About

We believe in a just and compassionate world for all.

And in bringing people together to build it.

We believe that justice is the calling of our faith and that the Creator’s love is shown by ensuring dignity and equality for all peoples. Across the nation there are concerned, compassionate people unsure of how to answer this call and unaware of how their faith informs the very foundation of social and economic justice. 

We created JLP to help individuals and congregations gain the knowledge they need to understand the political, economic, and social systems we operate within, to recognize when they are unjust, and to develop the skills and tools necessary to change them.

Since 2012 JLP has been an experimental space testing new and different ways of empowering and equipping people in the work of justice.

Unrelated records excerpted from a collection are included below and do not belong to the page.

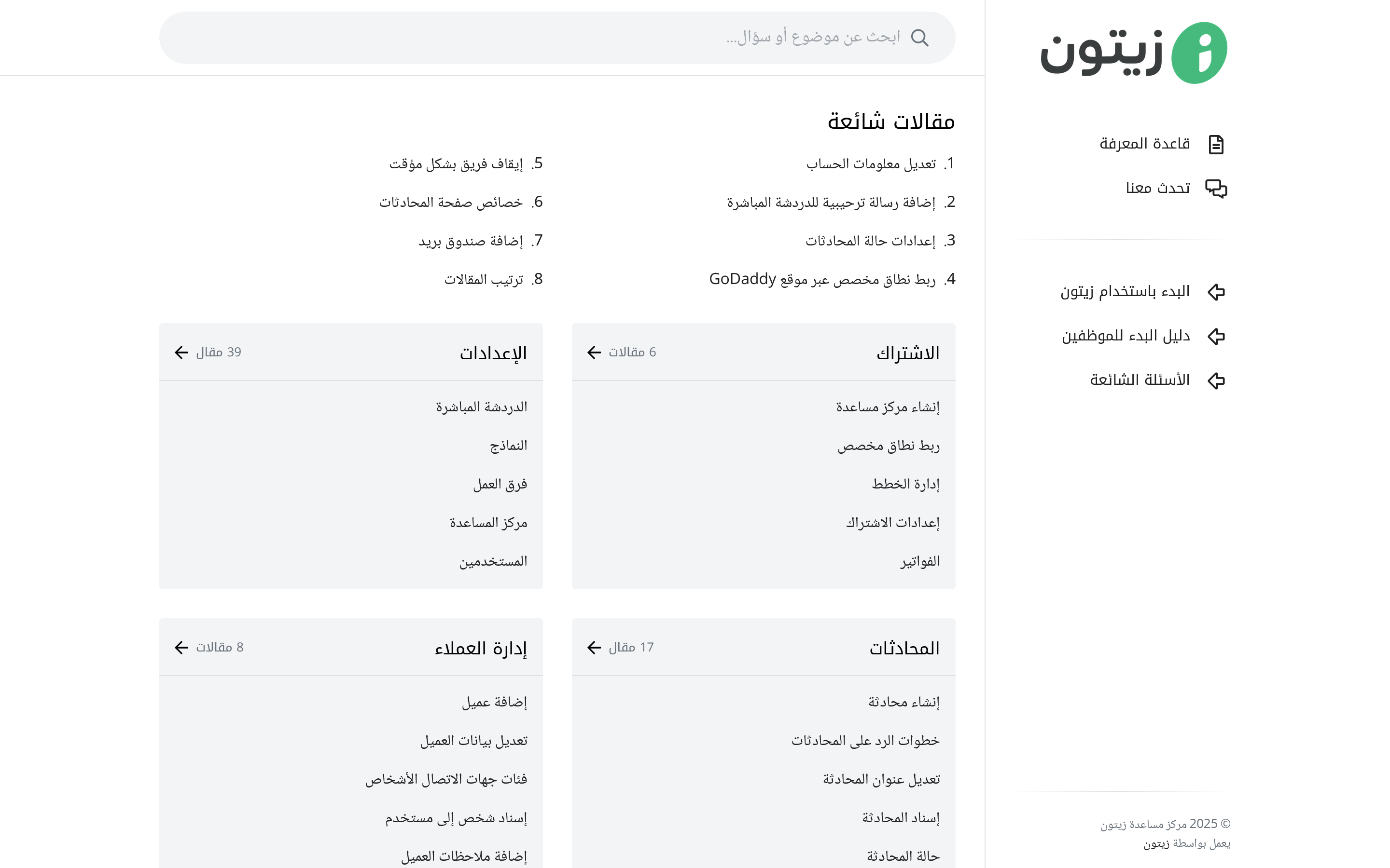أنشئ مركز مساعدة مجاناً جرب زيتون الآنكيف يحسن زيتون من خدمة عملائك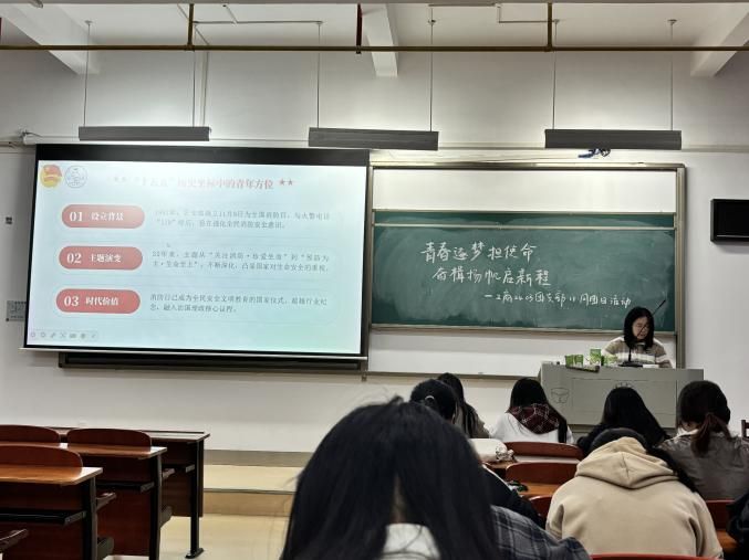 第四部分,唐欣同学带领同学们聚焦“青春执笔绘宏图”这一主题,强调了安全发展观对新时代国家治理的根本性意义——这既是应对风险挑战的“压舱石”,也是实现高质量发展的“护航舰”。此次分享不仅提升了同学们对总体国家安全观的理论认知,更激发了大家“国家安全,人人有责”的责任担当,为青年在新时代践行安全发展理念指明了行动方向。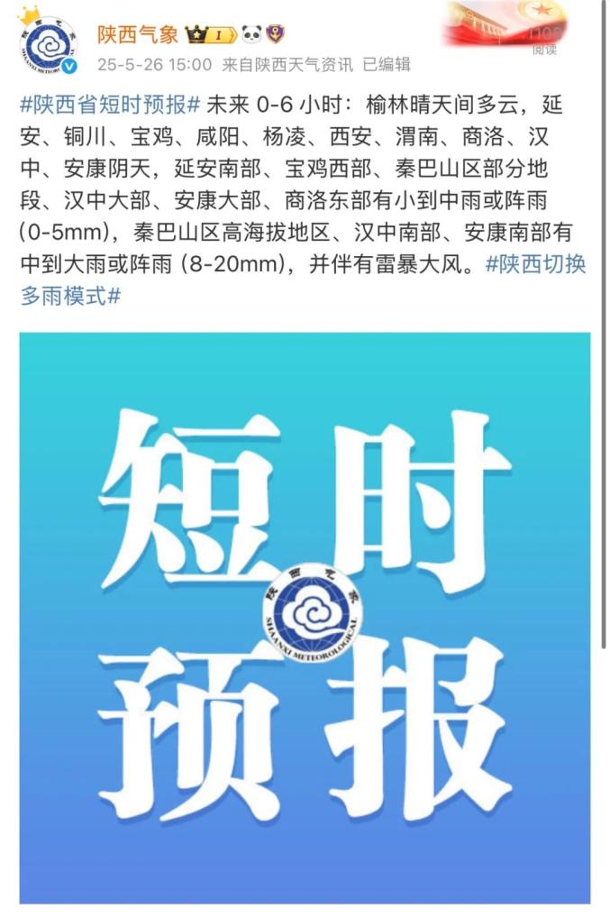 未来 0-6 小时:榆林晴天间多云,延安、铜川、宝鸡、咸阳、杨凌、西安、渭南、商洛、汉中、安康阴天,延安南部、宝鸡西部、秦巴山区部分地段、汉中大部、安康大部、商洛东部有小到中雨或阵雨(0-5mm),秦巴山区高海拔地区、汉中南部、安康南部有中到大雨或阵雨(8-20mm),并伴有雷暴大风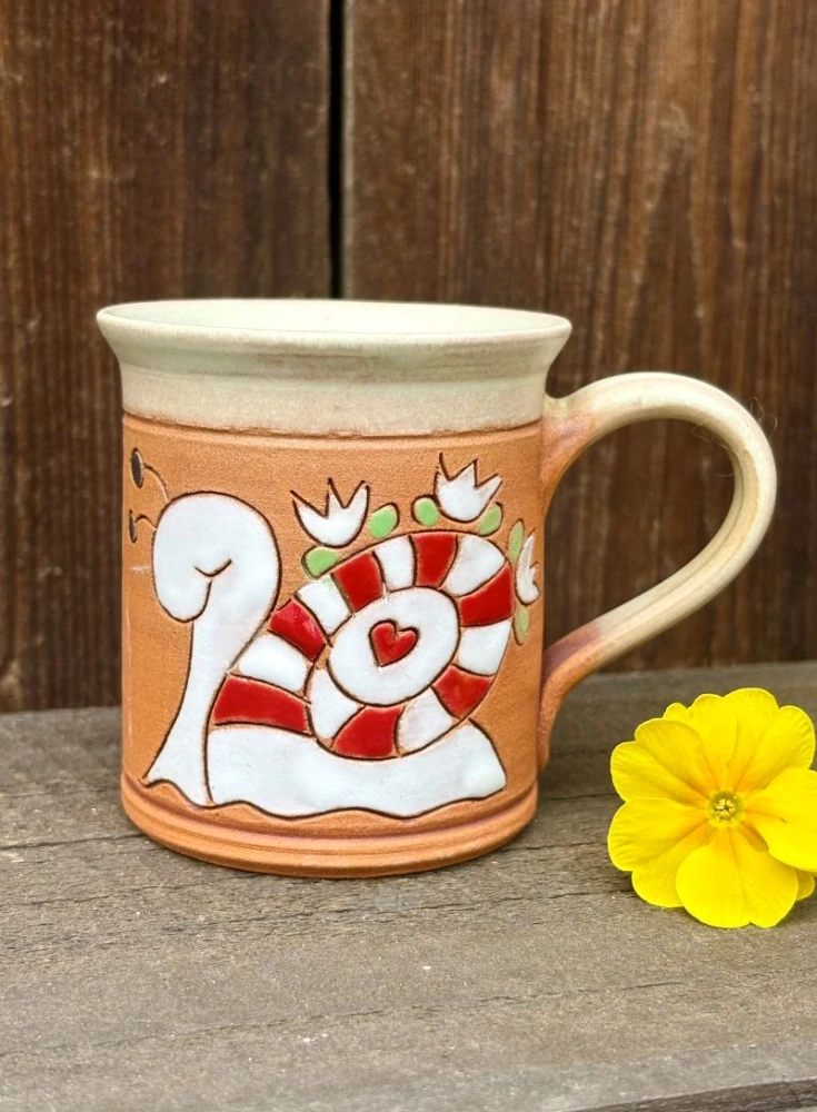 Uvnitř hrnku je béžová glazura, zatímco režný povrch na vnější straně zvýrazňuje ručně malovaný obrázek glazurami. Barvy jsou trvanlivé a odolné – hrnek můžete mýt v myčce, aniž by se obrázek smyl.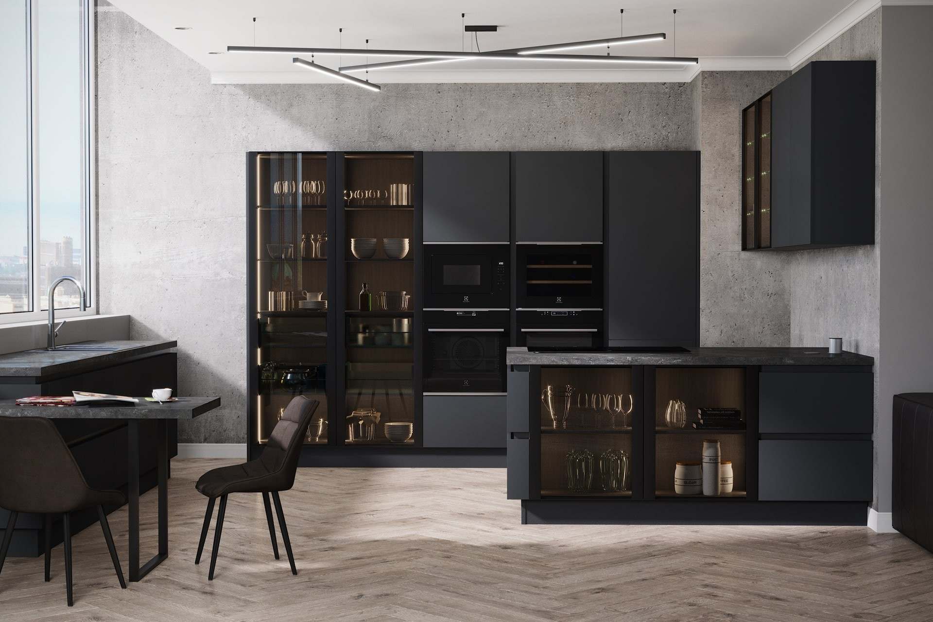 Дизайнеры сходятся во мнении, что если нужна роскошь, шик и драма, то черная кухня подойдет идеально. Она помогает создать контраст, зрительно углубляет пространство, делая его многогранным. Кухня черного цвета, выполненная из технологичных материалов и покрытая эмалью, пластиком, каменным шпоном или ламинатом, сохранит свой первоначальный облик на долгие годы. Цвет немаркий — премиальный внешний вид легко поддерживать, а сохранять блеск и отталкивать пыль поможет антистатический спрей.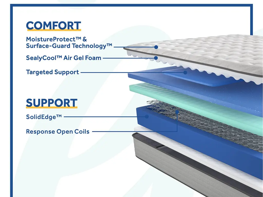 The Sealy® Posturepedic Spring Bloom Medium mattress is great for side and back sleepers who want a little extra targeted back and core support. Plus, the reinforced edge offers increased durability, and the antibacterial soft knit cover helps keep the mattress protected. After just one night, you’ll feel the difference.
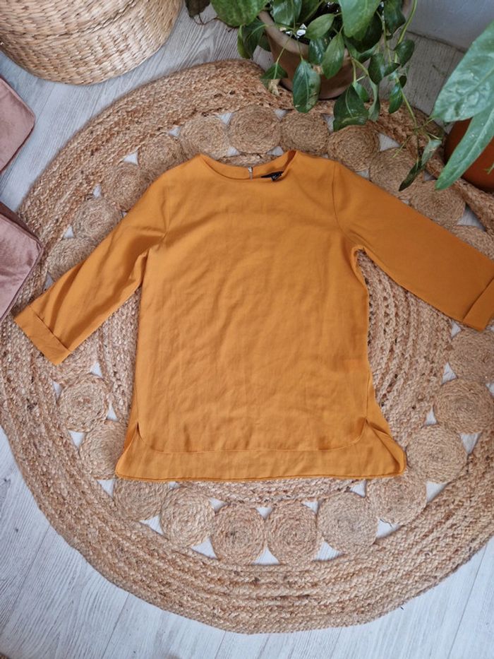 Chemisier fin / léger chic, classe, de couleur moutarde avec une fermeture dans le dos pour faciliter l'enfilage par la tête. Manches 3/4. Vraiment confortable à porter. Idéal pour une tenue de fête ou pour entretien. Taille 36 de chez Primark. #primark #primarkfemme36 #chemisierfemme36 #femme36 #chemisierchic36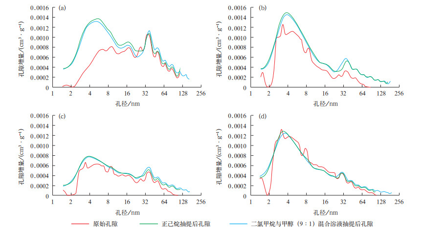综合正己烷和二氯甲烷与甲醇(9∶1)混合溶液分别抽提后的样品孔径变化,4类岩相均具有正己烷抽提后新增孔隙量大,二氯甲烷与甲醇(9∶1)混合溶液抽提后新增孔隙量小甚至变为负值的现象,表明弱极性烃占据了主要的孔隙空间,而极性烃只占据了少量的孔隙空间。高TOC层状黏土(质)页岩总孔隙量和饱和烃含量大,主要赋存于小于32nm的孔隙,二氯甲烷与甲醇(9∶1)混合溶液抽提后,小于32nm的孔隙体积略有减小,可能由不溶物移动堵塞小孔隙造成,大于32nm的孔隙体积略有增加,极性烃排出同时不溶物移动未造成大孔堵塞。中—高TOC纹层状混合质页岩饱和烃总量中等,大量赋存于小于8nm和大于64nm孔隙,二氯甲烷与甲醇(9∶1)混合溶液抽提后孔隙几乎无变化,仅在32nm左右的孔中略有增加。低TOC纹层状长英质页岩总孔隙体积和饱和烃含量小,主要赋存于大于64nm的孔隙,少量赋存于小于8nm的孔隙,二氯甲烷与甲醇(9∶1)混合溶液抽提后仅在大于32nm的孔隙中略有增量。钙质页岩基本不含烃类,两次抽提仅有大于64nm的孔隙略有增加。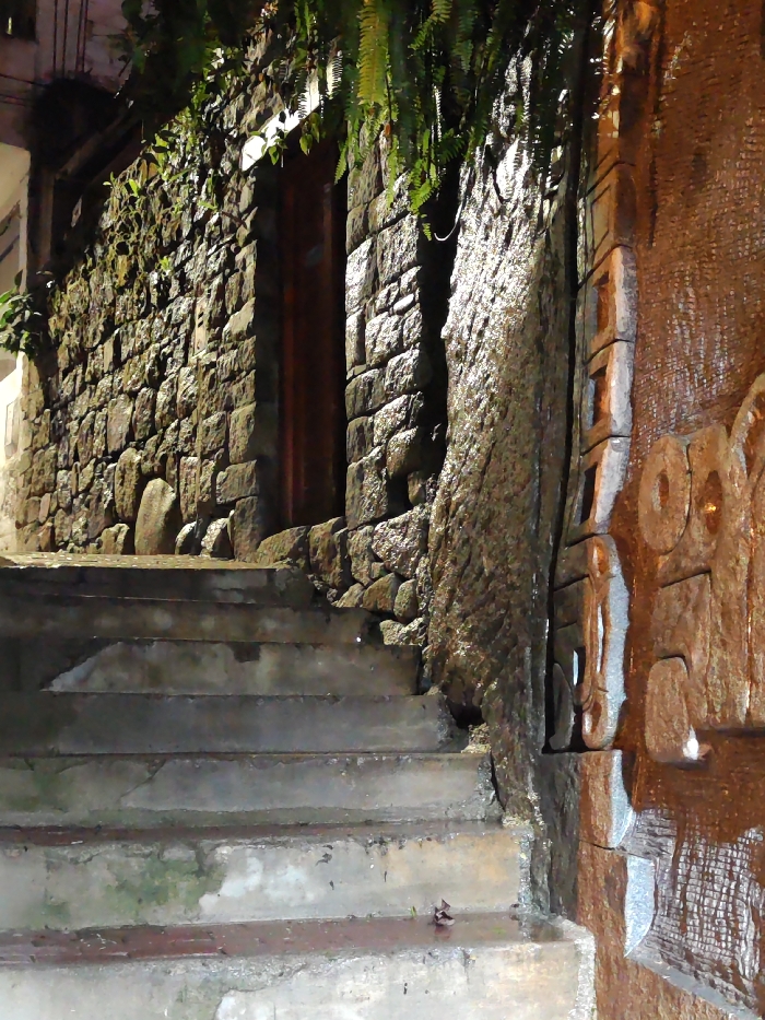 A stone staircase ascends, flanked by a rock wall to the left and a decorative, carved wooden structure to the right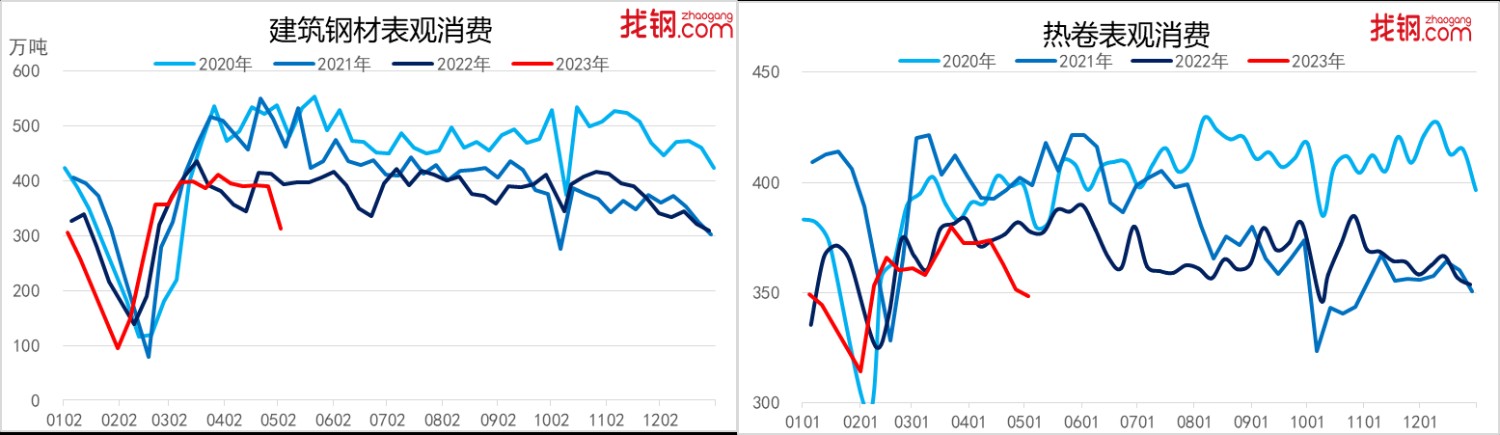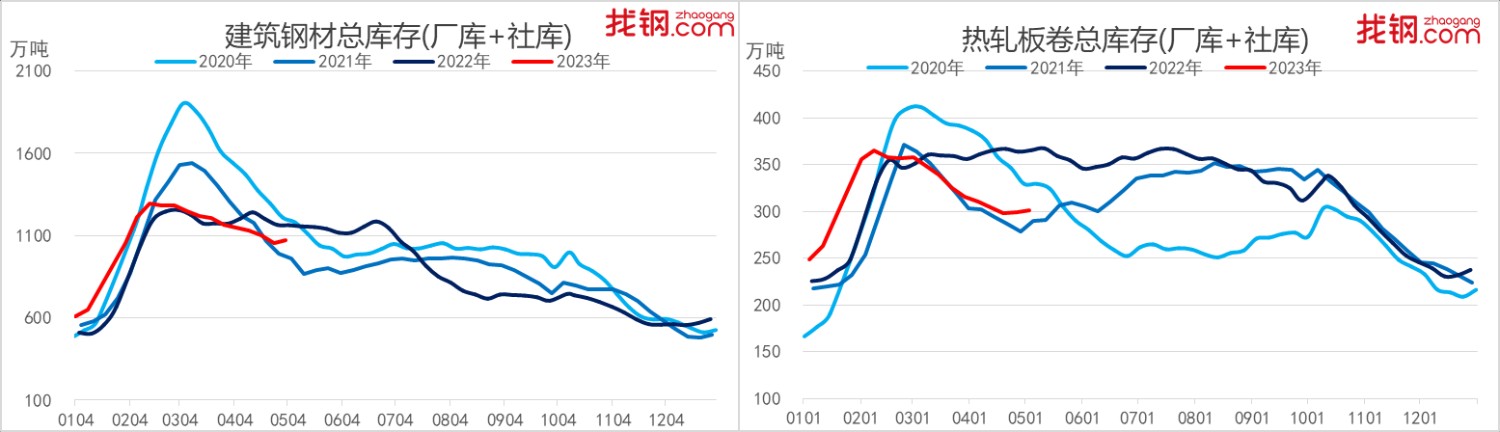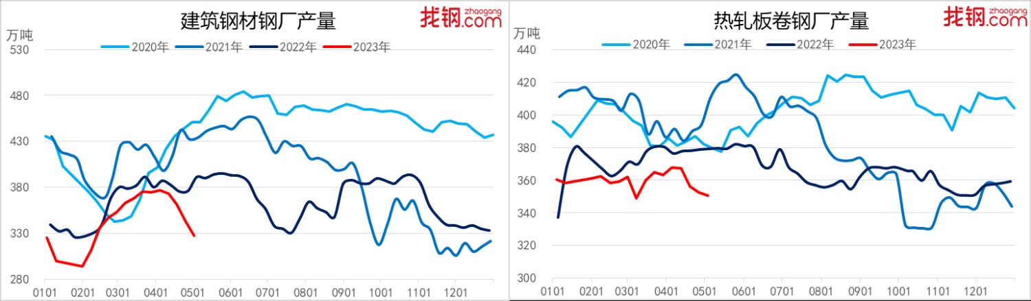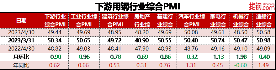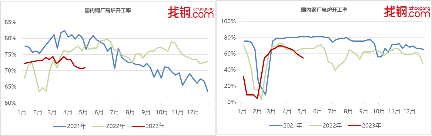4月钢材市场,由于钢材产量处于相对高位,同时需求有所走弱,钢材需求强度难以匹配供应增量,导致钢市供需矛盾有所累积,叠加原料成本有所下移,使得钢材价格整体明显回落。 展望5月份,钢材成本有望继续下移,同时钢厂检修减产增多的情况下高供应压力或有所缓解,整体供需格局有望改善,钢材价格或震荡筑底企稳运行。 钢厂检修减产增多钢材产量高位小幅回落 从钢厂生产情况来看,由于4月份以来钢材价格明显回落,钢厂生产盈利水平有所收窄,叠加钢材需求从旺季向淡季转换,国内高炉及电炉钢厂检修减产情况增多,高炉及电炉开工率高位回落,尤其电炉钢厂减产最为明显。截至5月3日,找钢网跟踪调研的国内独立电炉钢厂开工率为54.55%,周环比下降3.03个百分点,月环比下降6.39个百分点;高炉方面,找钢网跟踪的国内高炉钢厂开工率为70.93%,周环比上升0.32个百分点,月环比下降2.55个百分点。 ![]() 钢材生产方面,截至5月3日,找钢网跟踪调研的国内钢材周度总产量为790.03万吨,月环比下降67.16万吨,环比降幅7.8%。 ![]() 从不锈钢产量来看,4月份冷轧不锈钢产量112万吨,月环比增加0.9%,年同比降19%。目前来看,不锈钢产量同比仍处于相对低位,整体供应压力相对较小。 ![]() 4月份以来,随着钢价明显回落,钢厂生产利润再次被挤压,叠加需求有所下滑,钢厂减产检修情况有所增多。据找钢网不完全统计,4月国内有35家钢厂存在检修,其中检修影响铁水56.26万吨,螺纹42.91万吨,线材22.55万吨,热轧8.51万吨,冷轧13.29万吨,中厚板17.56万吨,其他19.31万吨。从具体数据来看,4月下旬以来国内钢厂减产检修情况明显增多,但同比来看目前钢厂减产力度依然偏小。 ![]() ![]() 需求季节性回落下游用钢行业PMI小幅下降 2023年4月份,找钢网调研的下游行业PMI综合指数49.44%,较上月环比降0.9个百分点,较去年同比升0.62个百分点。 4月份,市场受季末月初回款压力、需求季节性回落等因素影响,市场情绪转弱,建筑及工业行业PMI小幅下滑,整体景气指数有所下降。 ![]() 分行业来看,建筑行业方面,4月份,建筑用钢行业PMI小幅回落,叠加部分地区开工速度减慢,使得行业整体景气指数小幅下降;房地产行业,受保交楼政策因素影响,行业竣工良好,但新开工项目受限,使得行业整体景气指数有所回落。 工业行业方面,4月份工业行业景气指数环比下降,同比上升。5月份来看,随着国内专项债资金的陆续到位,基建等工程项目加快形成实物工作量,基建用钢有望继续释放增量,但房地产受新开工下滑的影响,对用钢需求或形成拖累。工业用钢方面,整体情况亦有所分化。一方面,受海外衰退预期因素影响,或使得出口增速减缓;另一方面,在国内刺激消费政策下,汽车及家电等内需仍有回升空间。 从钢材表观消费来看,截至5月3日,找钢网跟踪调研的钢材周均表观消费量为843.9万吨,月环比下降40.71万吨,环比降幅4.6%。目前来看,5月初钢材表观消费的下滑,主要还是由于五一假期的影响。随着假期的结束,预计5月份钢材消费仍有望修复性改善。 ![]() 淡旺季转换钢材库存去化有所放缓 从钢材库存来看,4月国内钢材库存继续去化,但由于需求整体季节性走弱,导致钢材库存去化速度有所放缓。截至5月3日,找钢网调研的建筑钢材库存总量(钢厂库存+社会库存)为1070.09万吨,月环比下降78.88万吨,环比降幅6.9%;热轧板卷库存总量(钢厂库存+社会库存)为301.19万吨,月环比下降9.3万吨,环比降幅3.0%。5月份来看,南方降雨天气增多,钢材需求旺季结束,钢材库存去化或进一步放缓。 ![]() 从不锈钢库存来看,截至4月28日,佛山、无锡两地不锈钢库存88.11万吨,环比上月降20.4%,同比去年增18.5%。由于下游情绪有所好转,补库意愿增强,不锈钢库存总量延续降势,但仍处于历史同期相对高位。 ![]() 钢价明显回落钢厂生产利润环比下滑 钢材成本方面,4月份以来由于煤焦、铁矿等原料价格高位回落,钢材成本明显下移,但同时钢材价格亦明显下跌,钢厂生产利润环比有所下滑。 具体来看,利润方面,截至5月4日,找钢网调研的高炉和电炉钢厂螺纹钢吨钢生产利润分别为32元/吨和-127元/吨,月环比分别下降15元/吨和117元/吨,年同比分别下降170元/吨和46元/吨。 ![]() ![]() 5月钢铁行业高供应压力或有所缓解整体供需格局有望改善 展望5月份钢材市场,从基本面来看,产量方面,由于钢厂检修减产情况增多,预计5月份钢材产量继续小幅回落,供应端压力有望阶段性缓解。从需求来看,一方面,房地产受新开工明显下滑影响,整体对用钢需求或形成拖累,另一方面,基建持续加码,基建用钢有望继续释放增量,5月终端用钢需求有待改善。成本方面,煤焦及铁矿石等原料供应转向宽松,短期原料价格或仍有一定下行空间。综合来看,5月份钢材成本有望继续下移,高供应有望下降,整体供需格局有望改善,钢材价格或震荡筑底企稳运行。

Transforming the world takes all of us, in actions both big and small and leadership in many different forms. It is the work of a lifetime, acted out in our neighborhoods and businesses and schools, around our kitchen tables and financial investments, and in our faith communities.

Who We Are

Our team is composed of experienced leaders in congregational, academic, and justice work and includes many knowledgeable and passionate teachers not listed here.

Rev. Richard Gamble (he/him) is a founder and the executive director of the Justice Leadership Program. He is also the senior pastor at Keystone United Church of Christ. Rich has been involved in faith-based peace and justice work for over forty years. He has worked as an activist, a community organizer, and as the executive director of a community organizing agency. He also has worked as an advocate and as the director of an advocacy program and co-chair of the board of an advocacy agency.

Eliza Penick (she/her) is a program director for the Justice Leadership Program. She has worked in non-profit education, fundraising, program development, and community engagement for fifteen years. Eliza also does contract projects in education and program development, with a particular passion for food sustainability and sovereignty. Her sources of joy are family, urban homesteads, mountain biking, and the exploration of art, play, and new places.

Rev. B. Yuki Schwartz (she/her/they/them) is the curriculum developer and a teacher for the Justice Leadership Program. They are Assistant Professor of Constructive and Political Theologies and Louisville Postdoctoral Scholar at Claremont School of Theology at Willamette University. Yuki has a Ph.D. in theology and ethics from Garrett-Evangelical Theological Seminary in Evanston, Ill. Their areas of scholarship include deimperial/decolonial studies, Asian and Asian American theology, and critical race, gender, and sexuality studies.

OUR PARTNERS HAVE INCLUDED

JLP is a 2021 grant recipient of Global H.O.P.E. team of the United Church of Christ.